# GLOWQ Pipeline

This folder contains the three-step GLOWQ pipeline plus a convenience script that orchestrates end-to-end quantization, randomized SVD compression, and decode-cache evaluation. The notes below cover CUDA kernel setup and basic usage of `run_pipeline.sh`.

## 1. Prerequisites

- Python 3.9+ with a CUDA-enabled PyTorch build (`pip install torch --index-url https://download.pytorch.org/whl/cu121` or similar).
- `transformers`, `datasets`, `tqdm`, `sentencepiece`, and `accelerate` are typically required by the step scripts. Install them with:

  ```bash
  pip install -r requirements.txt  # if you maintain a requirements file
  # or
  pip install transformers datasets tqdm sentencepiece accelerate triton
  ```

- CUDA toolkit >= 11.8 available on the system for compiling custom extensions.
- Set `TORCH_CUDA_ARCH_LIST` when building on machines with newer GPUs (for example `export TORCH_CUDA_ARCH_LIST="8.0;8.6;9.0"`).

## 2. Installing the CUDA W4A16 Kernels

The custom 4-bit weight / 16-bit activation kernels live under `cuda_w4a16/` and are built on-demand using `torch.utils.cpp_extension.load`. You can also run the Triton-based 4-bit kernel bundled with PyTorch without installing any additional modules—both implementations are available out of the box.

1. Ensure your environment meets the prerequisites above.
2. (Optional) Warm up the build so later runs do not spend time compiling:

   ```bash
   python - <<'PY'
   from cuda_w4a16 import load_w4a16_extension
   load_w4a16_extension(verbose=True)
   PY
   ```

   This compiles the kernels into PyTorch's `~/.cache/torch_extensions` directory. Subsequent executions that use `--use_cuda_w4a16` will reuse the cached library.

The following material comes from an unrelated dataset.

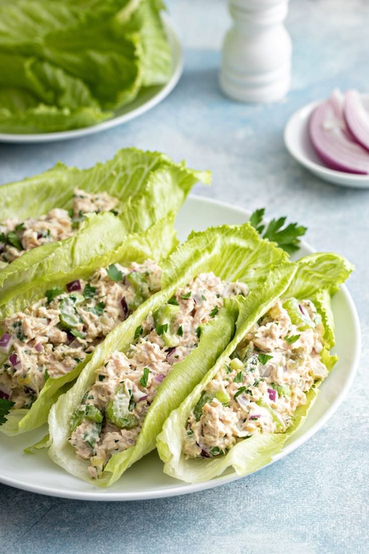 Crisp lettuce or veggie “boats” filled with zesty tuna salad for a clean, low-carb, and satisfying bite – no bread needed!

If the build fails, double-check that the CUDA toolkit and PyTorch CUDA version match, and that you exported an appropriate `TORCH_CUDA_ARCH_LIST`.

## 3. Running the Pipeline

`run_pipeline.sh` wires the three steps together:

1. **Step 1:** Quantization error + original weights dump.
2. **Step 2:** Randomized SVD on the error tensors.
3. **Step 3:** Decode evaluation with (optional) CUDA W4A16 kernels.

The minimal invocation requires a Hugging Face model ID and an output directory:

```bash
./run_pipeline.sh \
  --model-name meta-llama/Llama-3.1-8B \
  --output-dir /path/to/output/meta_llama_Llama_3_1_8B
```

### Common Parameters

- `--rank`: Target low-rank for SVD (default: 64).
- `--p` / `--q`: Oversamples and power iterations for randomized SVD.
- `--shrink-alpha`: Covariance shrinkage factor.
- `--calib-dataset` / `--calib-config`: Calibration dataset used in Step 2.
- `--nsamples`, `--seqlen`: Calibration sample count and sequence length.
- `--group-size`: Group size passed into Step 3 (default 128).
- `--device`: Device string (e.g. `cuda:0`).
- `--trust-remote-code`: Forwarded to all Python steps for models that require custom code (Qwen, etc.).
- `--metrics-csv`: Optional CSV path that Step 3 will append metrics to.
- `--step3-use-cuda-w4a16`: Enable the custom kernels compiled above.
- `--step3-cache-mode`: Select whether Step 3 evaluates both caching modes, only BX caching, or ABX no-cache only.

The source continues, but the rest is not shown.